REQUIRED ACTION. The answer should hold only the lines from the one containing "TURISMO ECONOMICO SIN" through the one containing "Direct Print &" in the entries below, copied exactly, without pictures.

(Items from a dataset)
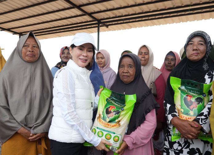 Sebagai bagian dari rangkaian kegiatan, Li Claudia juga menyalurkan bantuan sosial berupa 250 kantong beras, masing-masing seberat 5 kilogram, kepada masyarakat sekitar.
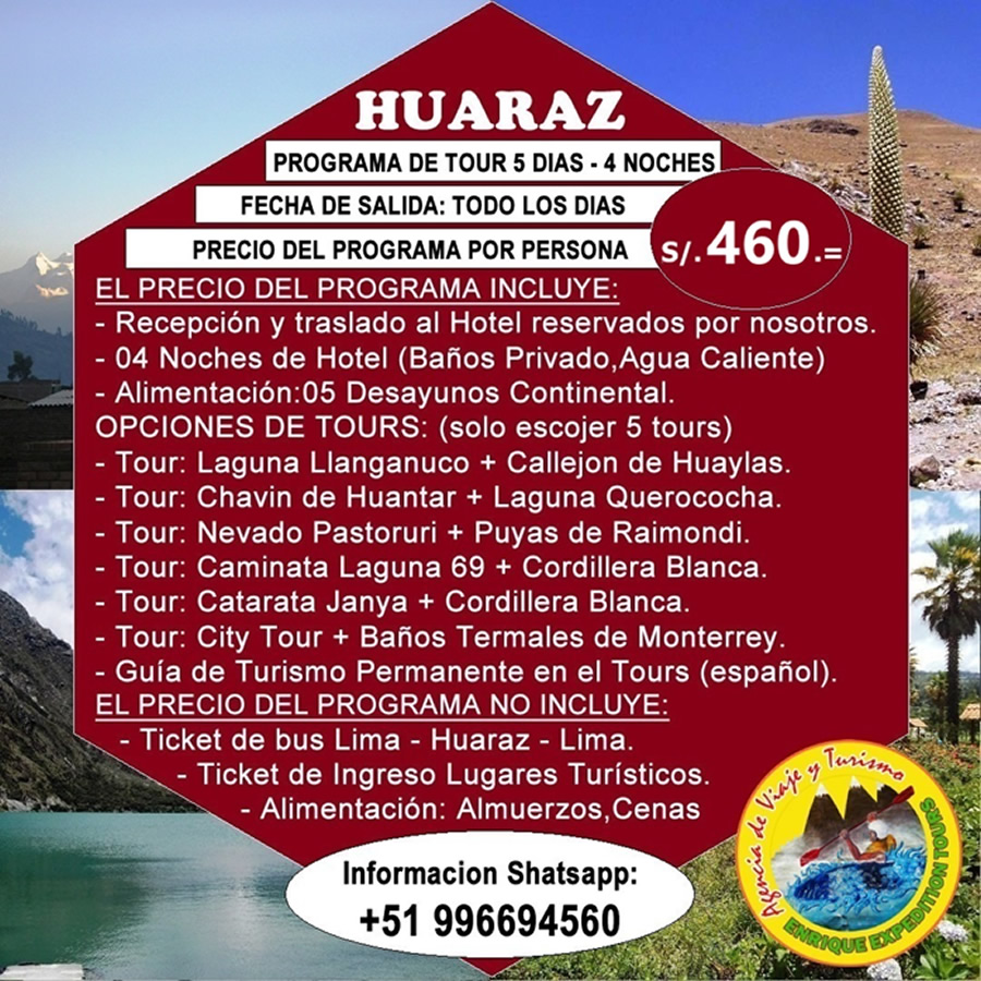TURISMO ECONOMICO SIN TICKET DE BUS HUARAZ 5 DIAS 4 NOCHES. |
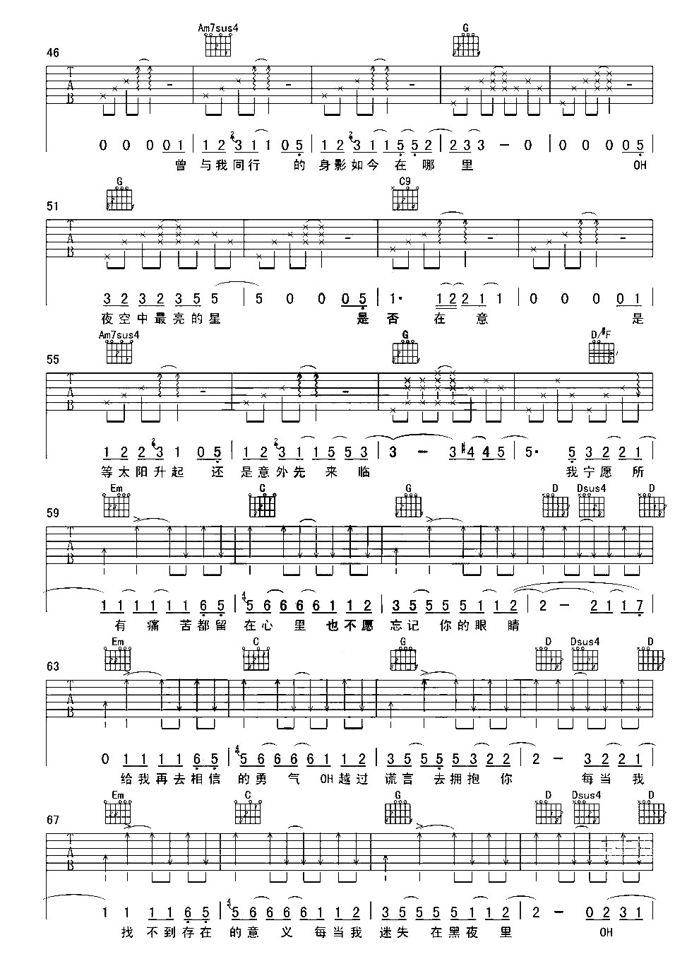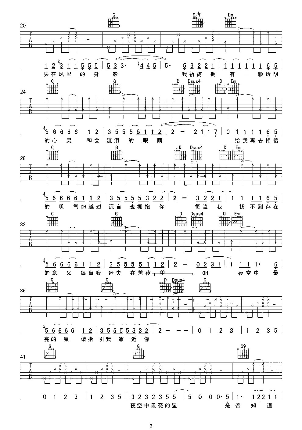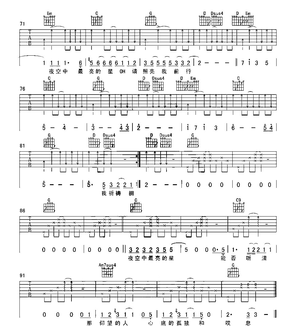 当前位置:琴谱网>吉他弹唱>夜空中最亮的星
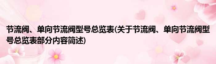 节流阀、单向节流阀型号总览表(关于节流阀、单向节流阀型号总览表部分内容简述)
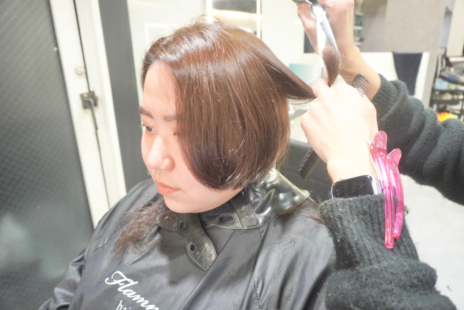 スーパーロングヘアを中学生以来となるショートヘアにバッサリとカットし、カラーリングを行い、ブラウンカラーへと染めました✂️
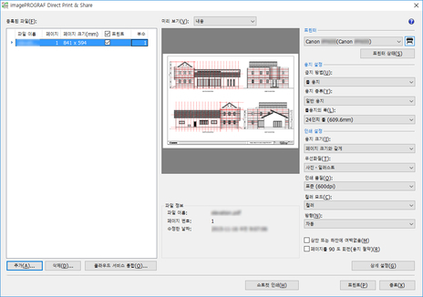 Direct Print & Share 메인 화면에서 파일을 지정하여 인쇄할 수 있습니다. 메인 화면은 왼쪽의 등록된 파일 목록, 가운데의 미리 보기 영역 및 오른쪽의 인쇄 설정 영역으로 구성되어 있습니다.
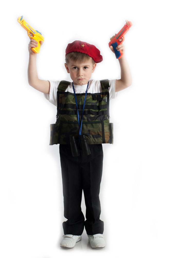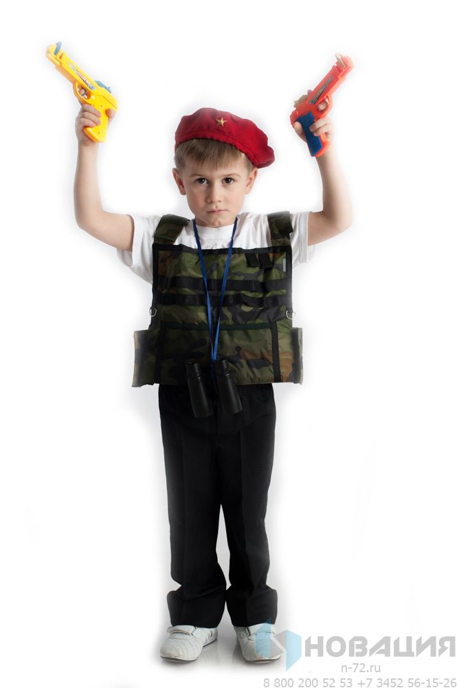 В комплект входят имитация бронежилета и красный берет со звездой. Жилет крепится при помощи регулировок и липучек, оснащен карманами и петлями для реквизита. Берет регулируется посредством фиксатора и шляпной резинки.

ANSWER SECTION.
TURISMO ECONOMICO SIN TICKET DE BUS HUARAZ 5 DIAS 4 NOCHES. |
 当前位置:琴谱网>吉他弹唱>夜空中最亮的星
 节流阀、单向节流阀型号总览表(关于节流阀、单向节流阀型号总览表部分内容简述)
 スーパーロングヘアを中学生以来となるショートヘアにバッサリとカットし、カラーリングを行い、ブラウンカラーへと染めました✂️
 Direct Print & Share 메인 화면에서 파일을 지정하여 인쇄할 수 있습니다. 메인 화면은 왼쪽의 등록된 파일 목록, 가운데의 미리 보기 영역 및 오른쪽의 인쇄 설정 영역으로 구성되어 있습니다.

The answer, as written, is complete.